昨天晚上业务出现了一次core dump,今天早上来check生产环境的core文件的堆栈内容如下:
gdb ./appname --core=core.1234
(gdb) bt
得到栈的内容如下:
#0 0x00007f5634262734 in std::_Rb_tree_rotate_right () from /usr/lib/libstdc++.so.6
#1 0x00007f56342628c1 in std::_Rb_tree_insert_and_rebalance () from /usr/lib/libstdc++.so.6
#2 0x00000000004b556c in std::_Rb_tree<unsigned int, std::pair<unsigned int const, unsigned int>, std::_Select1st<std::pair<unsigned int const, unsigned int> >, std::less<unsigned int>, std::allocator<std::pair<unsigned int const, unsigned int> > >::_M_insert_ (this=0x7fff3d253090, __x=0x0, __p=0x12e48f0, __v=@0x7fff3d251350)
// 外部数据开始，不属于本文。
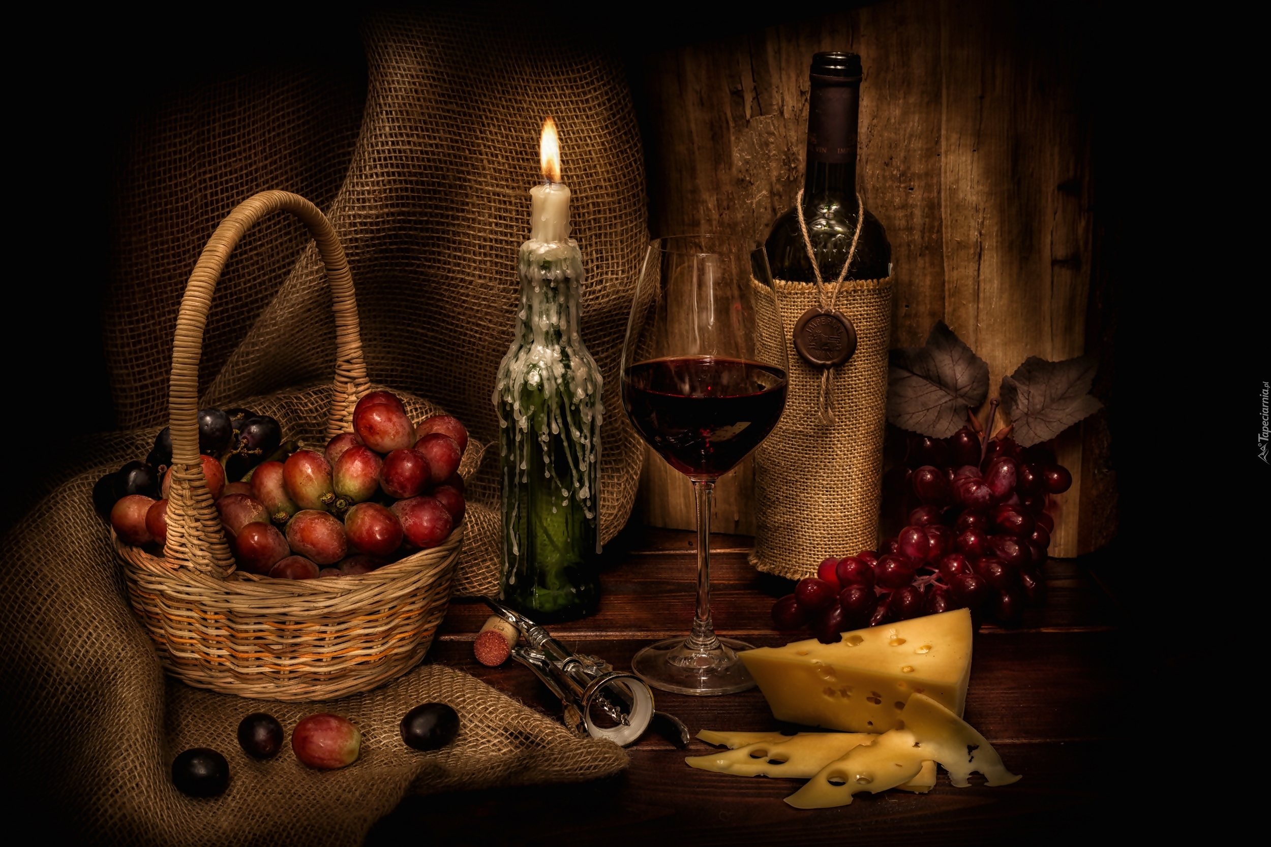 Edytor tapety: Kompozycja z butelką wina i świeczką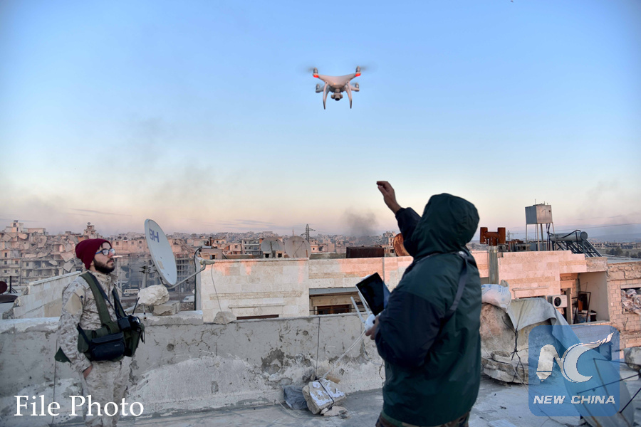A Syrian government soldier controls a drone to investigate the rebel-held area in Aleppo, Syria on Dec. 18, 2016. (Xinhua/Yang Zhen)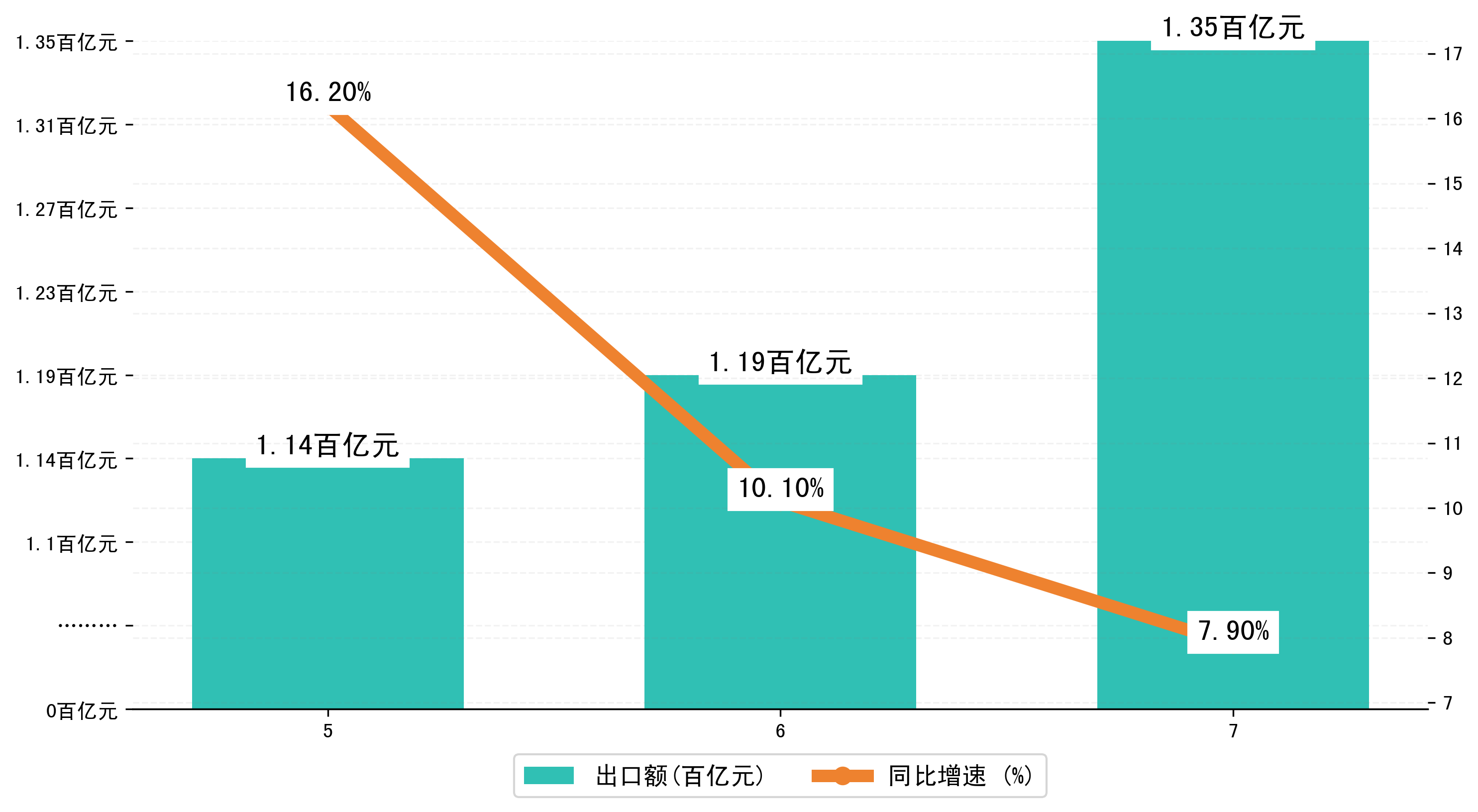 (图二:2023年5-7月济南市出口额)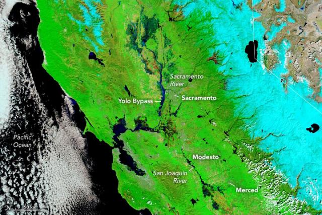 Two successive atmospheric rivers hit California this month, bringing rain, snow, and strong winds. On March 16, NASA’s Terra satellite acquired this false-color image where snow is light blue, water dark blue, and vegetation green.

at /usr/include/c++/4.3/bits/stl_tree.h:854
#3 0x00000000004b63d2 in std::_Rb_tree<unsigned int, std::pair<unsigned int const, unsigned int>, std::_Select1st<std::pair<unsigned int const, unsigned int> >, std::less<unsigned int>, std::allocator<std::pair<unsigned int const, unsigned int> > >::_M_insert_unique_ (this=0x7fff3d253090, __position={_M_node = 0x7f56182ee260}, __v=@0x7fff3d251350)
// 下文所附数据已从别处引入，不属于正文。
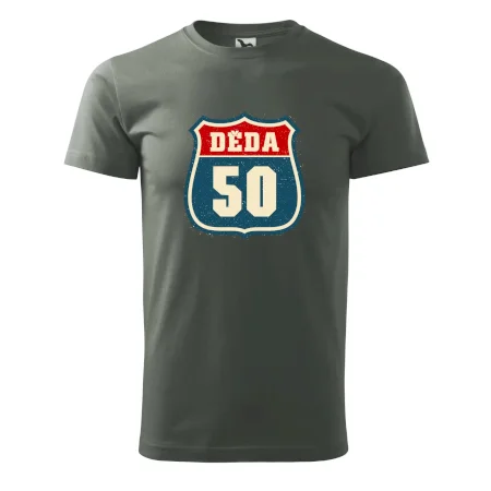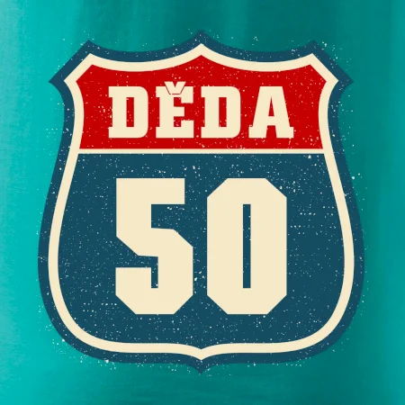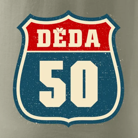 Motiv „Děda 50“ vypadá jako pravá americká silniční tabule – robustní rámeček, výrazné číslo jubilejních let a jednoduchý nápis „Děda“. Design připomíná slavné highway/route štíty z amerických dálnic, a dává všem kolem jasně najevo, že životní cesta vašeho dědy je nejen legendární, ale pořád v plné rychlosti!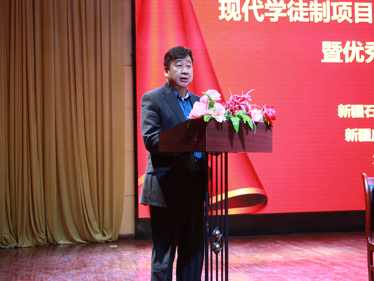 广汇热力公司总经理杜龙发表讲话,回顾了与学院学徒制合作历程,展望了未来的合作前景,希望有更多优秀学生加入广汇团队。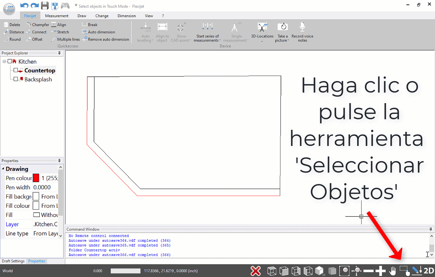 Tenga en cuenta que el botón dice la opción que se va a seleccionar cuando se toca. Por lo tanto, si el botóndice ‘Touch-mode’, entonces FlexiCAD está actualmente en Modo PC. Si el botón dice Modo PC, entonces el software está actualmente en Modo Táctil.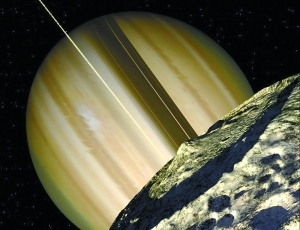 登上土星的卫星——土卫一上的赫歇尔陨石坑的顶峰,将发现自己正站在距离这个陨石坑底部6000多米的地方。这座山峰四周被陨石坑壁环抱,高大约是5000米,位于它背后的土星正在下沉,科学家想弄明白,土卫一在这么强大的撞击之下,是如何幸存下来的。这个陨石坑的直径是139公里,大约是这颗卫星直径的三分之一。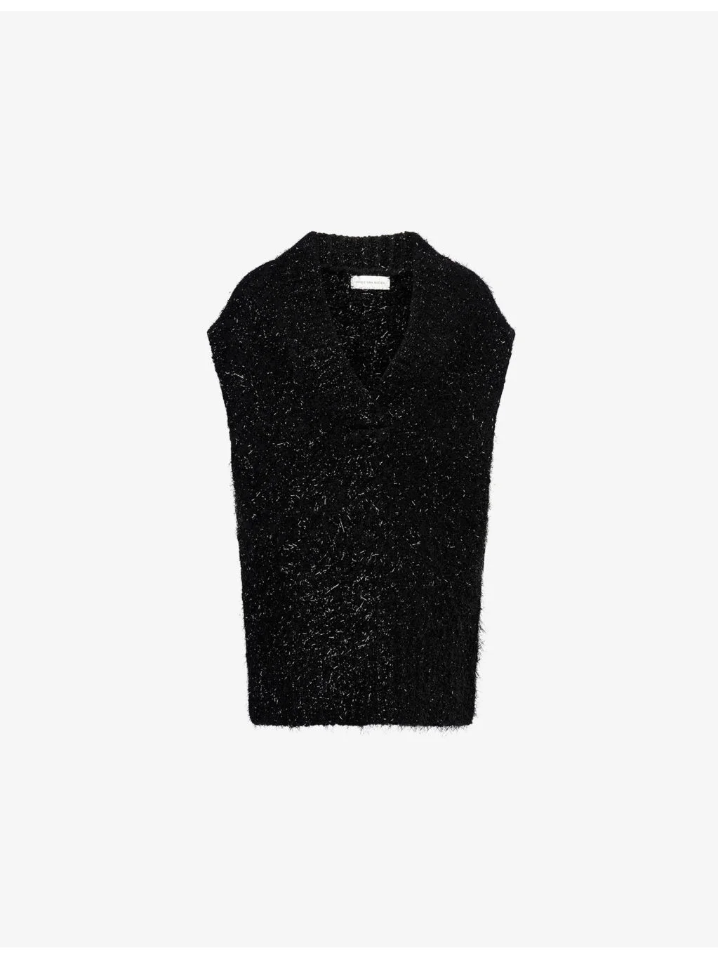 PRODUCT DETAILS - Dries Van Noten wool-blend knitted jumper - 78% wool, 20% polyester, 2% nylon - Relaxed fit, V-neckline, sleeveless, metallic knit, ribbed trims - Hand wash - Made in Belgium - True to size - Model is 5ft 10in/1.78m and wears a size small - Midweight, stretchy Ref: R04553118
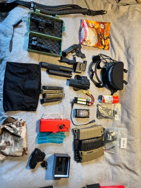 Bonjour, voici le lot que je propose à la vente. La M4 et le Glock17 ont seulement 3 parties.

at /usr/include/c++/4.3/bits/stl_tree.h:1201
#4 0x00000000004b65da in std::map<unsigned int, unsigned int, std::less<unsigned int>, std::allocator<std::pair<unsigned int const, unsigned int> > >::insert (
this=0x7fff3d253090, __position={_M_node = 0x7f56182ee260}, __x=@0x7fff3d251350) at /usr/include/c++/4.3/bits/stl_map.h:496
#5 0x00000000004b6680 in std::map<unsigned int, unsigned int, std::less<unsigned int>, std::allocator<std::pair<unsigned int const, unsigned int> > >::operator[] (
this=0x7fff3d253090, __k=@0x7fff3d251508) at /usr/include/c++/4.3/bits/stl_map.h:419
找到#5对应的源码为:
mapped_type& operator[](const key_type& __k)
{
// concept requirements
__glibcxx_function_requires(_DefaultConstructibleConcept<mapped_type>)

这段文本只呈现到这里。